Energies 2015, 8(4), 2295-2311; https://doi.org/10.3390/en8042295
Submission received: 15 November 2014 / Revised: 13 January 2015 / Accepted: 12 March 2015 / Published: 25 March 2015
(This article belongs to the Special Issue Microgrids)

Abstract

:
This work presents a method of current harmonic reduction in a distorted distribution system. In order to evaluate the proposed method a grid with high-order current harmonics is assumed. The reduction of current distortion is feasible due to the pulse modulation of an active filter, which consists of a buck-boost converter connected back-to-back to a polarity swapping inverter. For a practical application, this system would be the power electronic interface of a Renewable Energy Source (RES) and therefore it changes a source of harmonics to a damping harmonics system. Using the proposed method, the current Total Harmonic Distortion (THD) of the grid is reduced below the acceptable limits and thus the general power quality of the system is improved.
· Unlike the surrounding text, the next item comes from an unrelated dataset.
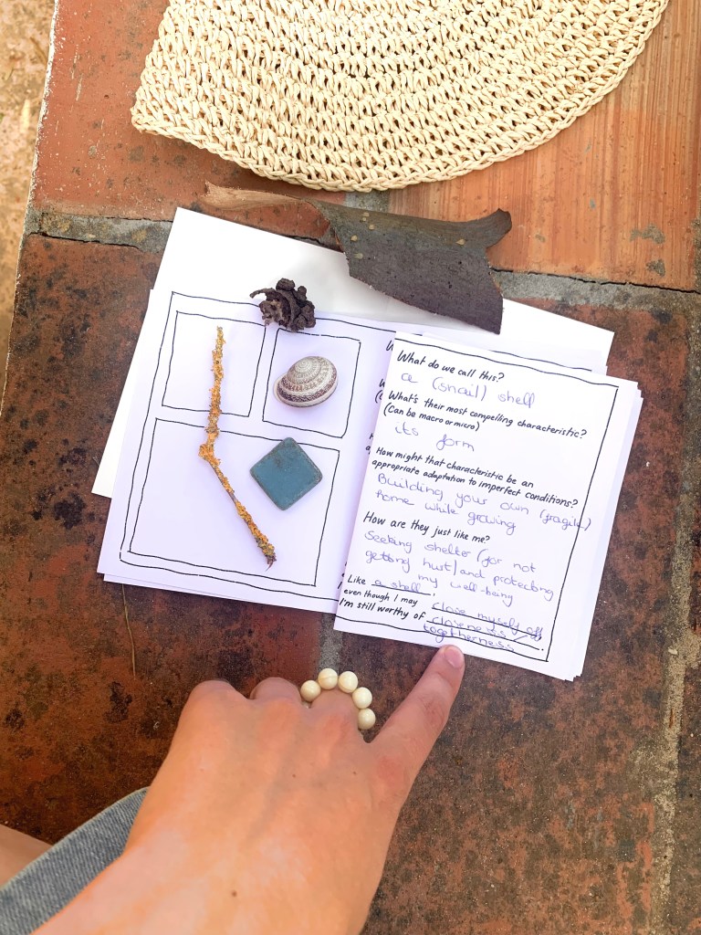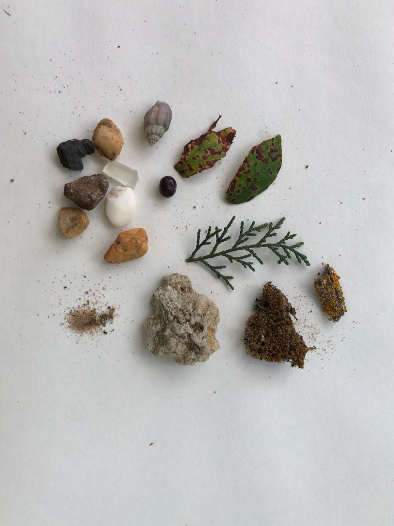 Participants receive a simple workbook of prompts guiding them through an outdoor environment (shoreline, paths, liminal outdoor spaces) with attention to textures, patterns, sounds, colors, and subtle details. Rather than directing participants toward predetermined outcomes, the prompts create space for individual curiosity and personal response.

Simulations in the MATLAB/SIMULINK platform and experiments have been performed in order to verify the effectiveness of the proposed method.

1. Introduction

Nowadays there is a worldwide need for renewable and clean energy. Because of this urge and thanks to technological improvements during the last decades, a lot of renewable energy generators have been introduced throughout the world, capable of mitigating most technical challenges created by those intermitted energy sources. The great potential of such resources for green energy production has led the technological society to the implementation of a new type of distribution system, the microgrid.
The utilization of such technologies may have a lot of advantages such as improved efficiency, infinite and free raw materials and almost no environmental impact, but there are some drawbacks too. The integration of these Renewable Energy Source (RES) to the grid would not be possible without the use of power electronics devices. These devices are essential to interface these RES and Distributed Generators (DG) to the distribution system. Using power electronic devices (e.g., inverters) in order to connect the RES and DGs to the grid exhibits many advantages such as fast voltage and frequency regulation, but also displays one major disadvantage. The switching operation of the semiconductors included in the inverters causes voltage and current harmonic distortion to the grid. This distortion increases by a number of other reasons, such as the behavior of nonlinear loads (diode rectifier bridges, Personal Computers, etc.) and the switching operation of their converters. Specifically, harmonic distortion occurs due to loads supplied by converters as well as to RES interfaced to the grid through inverters. Harmonic distortion leads to poor power quality to the end user of the distribution system, as well as to increased value of line current.
For this reason a lot of active filters and power conditioners have been proposed in order to alleviate the distribution system problems from both current and voltage high-order harmonics point of view and improve power quality. Only a few of these proposals deal with grid’s power quality improvement. Instead, the majority of them focus in the harmonic cancellation and power quality improvement of critical loads against the high-order harmonic distortion of the grid that they are connected to.
In reference [1], a repetitive-based control scheme for selective harmonic compensation in active power filters is proposed. This controller compensates current harmonics created by distorting loads at selected frequencies. It uses a closed-loop repetitive-based control scheme based on a finite-impulse response digital filter. Although it adequately alleviates current harmonics, additional control is needed in the case that the distortion source is the grid voltage. This problem seems to be resolved in [2], where a selective harmonic compensation control for single phase active filters is introduced. This approach exhibits satisfactory results in harmonic compensation, either when the distortion comes from non-linear loads or the grid voltage. In reference [3], a harmonic compensation method based on closed-loop synchronous frame control of line currents as well as a selective open-loop approach based on load current sensing is presented. It is concluded that the proposed method is robust enough for compensating distortions provoked by non-linear loads, but it operates only when the distorting loads have slowly varying high-order harmonics. In [4], an active power filter based on improved sliding mode for current harmonics reduction of non-linear loads is proposed. Though it shows a very good behavior, it is not clear if the harmonic distortion caused by other sources such as the switching operation of grid interfaced inverters is taken into consideration. In [5], a signal processing system for harmonic and current components calculation is introduced. This system is adopted as a part of a single-phase active power filter and provides satisfactory compensation, although it may lack ease of implementation, as both voltage and current sensors and a rather complicated control loop are required. In [6], an open-loop control method for a current-source active filter is suggested, but it is again focused to non-linear loads. References [7,8,9] present interesting alternatives for harmonic reduction, using different sliding mode control and feedback linearization control approaches for single phase shunt active power filters. Finally, references [10,11,12,13,14] propose a variety of other active filter topologies and control techniques that focus on high-order current harmonics compensation.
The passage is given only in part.